Purpose: (1) To propose a new method using statistical modeling to determine relative timing of pubertal maturation; (2) to validate the new method by evaluating its relationship with pubertal growth and timing parameters, including age at menarche, age onset of areolar maturation, age of peak height velocity, age at attainment of adult height, adult height, peak height velocity, body mass index, and percent body fat; and (3) to contrast the new method with relative timing of menarche on these pubertal parameters. Background: The timing of puberty has a well-known impact on anthropometric and psychosocial outcomes. Multiple methods have been used to determine pubertal timing, but all with limitations.

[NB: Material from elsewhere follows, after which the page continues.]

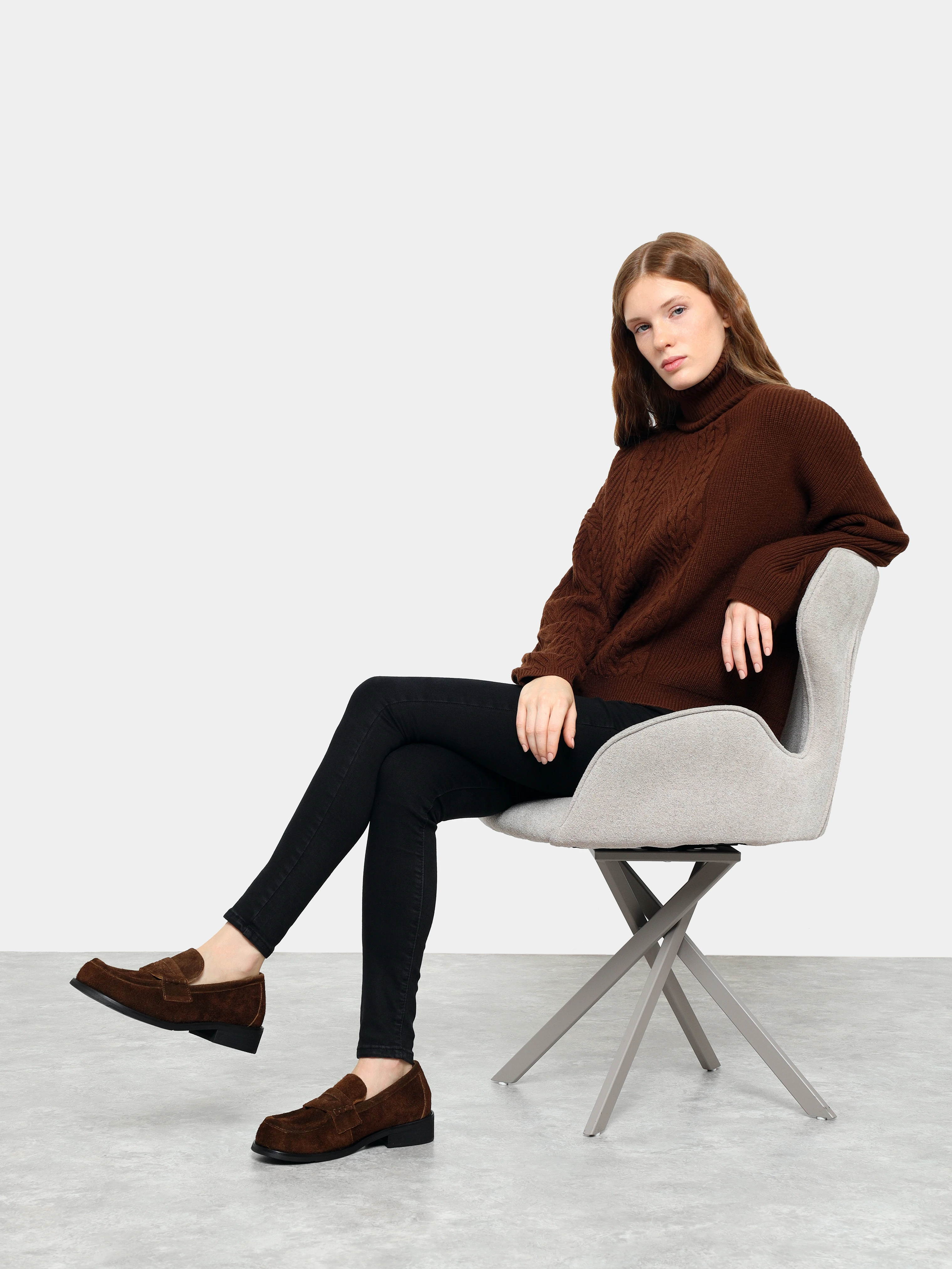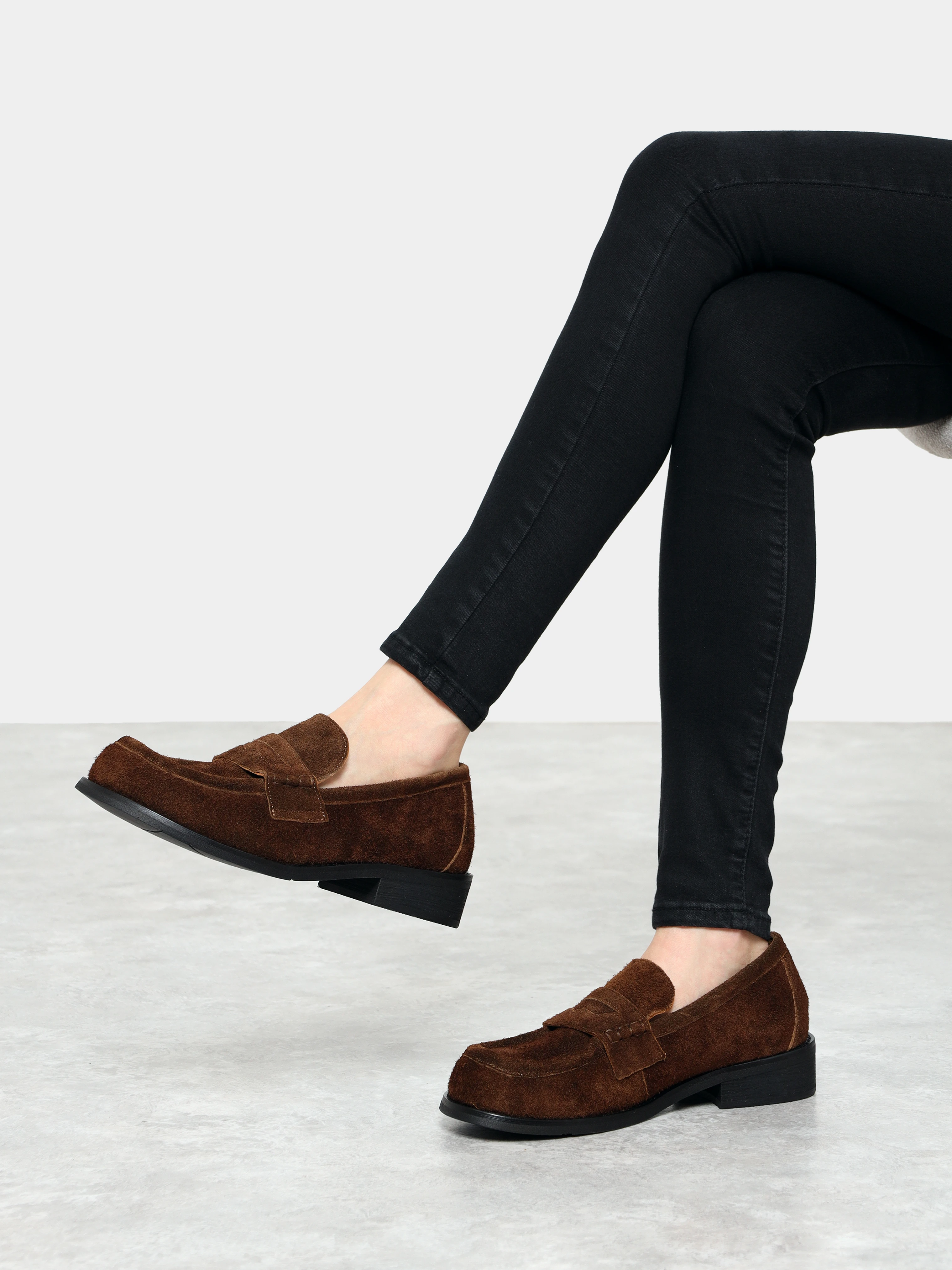 Лоферы женские всесезонные, цвет коричневый, натуральный спилок
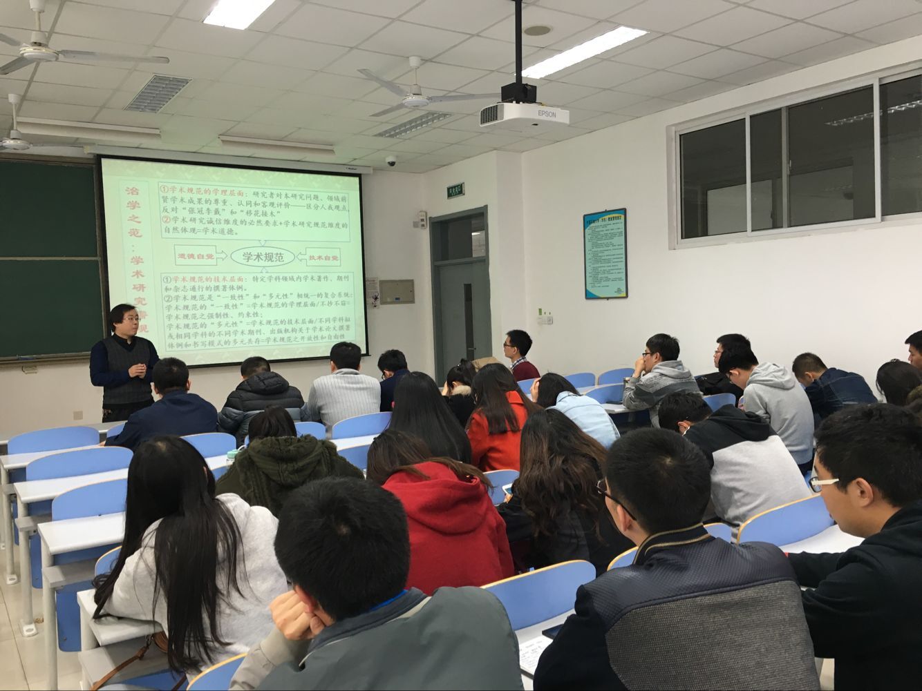 讲座一开始,张老师通过向大家提问“何为研究生以及研究生何为?”这个问题,引起大家对研究生学习以及学术问题的思考。进而,张老师通过对学术研究的“诚、新、范”进行了深入的解读。学术研究当诚信,这是立学之本;学术研究要创新,这是为学之命;学术研究需规范,这是治学之范。对于学术创新,张老师特别强调了多读多看报刊杂志,多写多练学术论文以及甄别凝练名人名刊的重要性。针对当前学术造假等社会热点案例,严肃地告诉同学们学术规范的重要性,并对学术规范的学理层面以及技术层面进行详细的介绍。最后,同学们积极与张老师进行学术讨论,提出平时所遇到的问题以及困惑,张老师一一作出解答,现场学术氛围浓烈。

A uniformly applicable method is needed for different study designs and study populations. Methods: Using the National Heart Lung and Blood Institute Growth and Health Study data, an ordinal logistic modeling was used to assess relative timing of pubertal maturation. Results: The proposed method demonstrated good reliability and strong associations with all pubertal timing parameters, also body mass index and percent body fat. Timing was not significantly associated with adult height and peak height velocity. Conclusions: The proposed method is highly feasible, easy to implement, and valid. The study demonstrated important differences between the relationships of relative timing of secondary sexual characteristics and the timing of menarche on pubertal parameters. The study also demonstrates that individuals with early or late timing at one point of time are likely to maintain the same relative timing throughout puberty.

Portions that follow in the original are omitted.